Li Qin (, born 27 September 1990), also known as Sweet Li, is a Chinese actress.

Li is noted for her roles in The Dream of Red Mansions (2010), The Founding of a Party (2011), White Deer Plain (2017),  Princess Agents (2017), Joy of Life (2019), Jade Dynasty (2019), The Captain (2019), The Song of Glory (2020), The Wolf (2020), Warm Hug (2020), My Dear Guardian (2021), and Tears in Heaven (2021).

Early life
Li was born in Bacheng Town of Kunshan city, Jiangsu province on September 27, 1990. At the age of 11, Li studied Chinese traditional opera in Shipai Central School.

She graduated from the Affiliated Chinese Opera School of Shanghai Theatre Academy in 2008, majoring in kunqu.

Career

2010–2016: Debut and rising popularity
Li first rose to prominence in 2010 for playing Xue Baochai in the television series The Dream of Red Mansions, based on the novel by the same name by Cao Xueqin. She won the Best New Actress award at the TVS Award Ceremony for her performance.

In 2011, Li made her film debut in The Founding of a Party, playing Yang Kaihui. She was nominated for the Best Newcomer Award at the 31st Hundred Flowers Awards. She again played Yang Kaihui in China in 1921, another patriotic tribute production.

In 2012, Li starred in the romantic melodrama television series The Watchful Sky, which won the Gold Angel Award at the 9th Sino-US Film Festival. In 2013, Li starred in romance dramas Shining Days and The Return of a Princess , both of which attained high ratings during their respective runs.

In 2014, Li starred in romance drama If I Love You, and was named the Most Promising Actress at the China TV Drama Awards for her performance. In 2015, Li starred in her first historical drama My Amazing Bride, playing a quirky and adorable heiress.

2017–present: Acclaim and transition to mainstream popularity
In 2017, Li starred in the television adaptation of the classic novel White Deer Plain. Her performance as Tian Xiao'e was a "pitch-perfect illustration of a rural woman's miserable life" according to critics, and stood in sharp contrast to her previous performances as youthful and innocent characters. Li was nominated for the Best Supporting Actress award at the Magnolia Awards for her performance. The same year, Li starred in the historical action drama Princess Agents, playing a princess of a befallen kingdom. The drama was a major success and led to increased popularity of Li. That year, Li entered Forbes China Celebrity 100 list for the first time, ranking 100th.
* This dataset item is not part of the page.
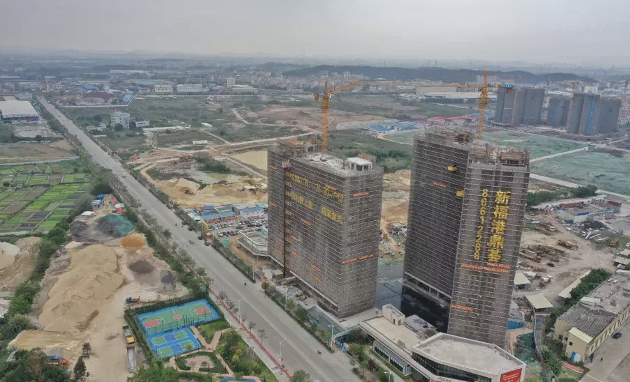 在江高镇中心城区宜居创业中心重要布局项目——江村村留用地项目新福港·鼎荟施工现场,锤打声、机器轰鸣声响彻工地,塔标、人货梯运送施工材料,工人忙个不停……一派建设热潮。

In 2018, Li was nominated at the Hundred Flowers Award for Best Actress for her portrayal of Yang Kaihui in the patriotic film The Founding of an Army. The same year, she played the role of Fragrant Concubine in the palace drama Ruyi's Royal Love in the Palace. Forbes China listed Li under their 30 Under 30 Asia 2017 list  which consisted of 30 influential people under 30 years old who have had a substantial effect in their fields.

In 2019, Li played the female lead Lu Xueqi in the film adaptation of the xianxia novel Zhu Xian, titled Jade Dynasty. She then co-starred in the aviation disaster film The Captain as a flight attendant, and received the Best Supporting Actress award at the Gold Crane Awards held by the Tokyo International Film Festival. The same year, she starred in the historical political drama Joy of Life, and gained attention for her role as the drumstick lady.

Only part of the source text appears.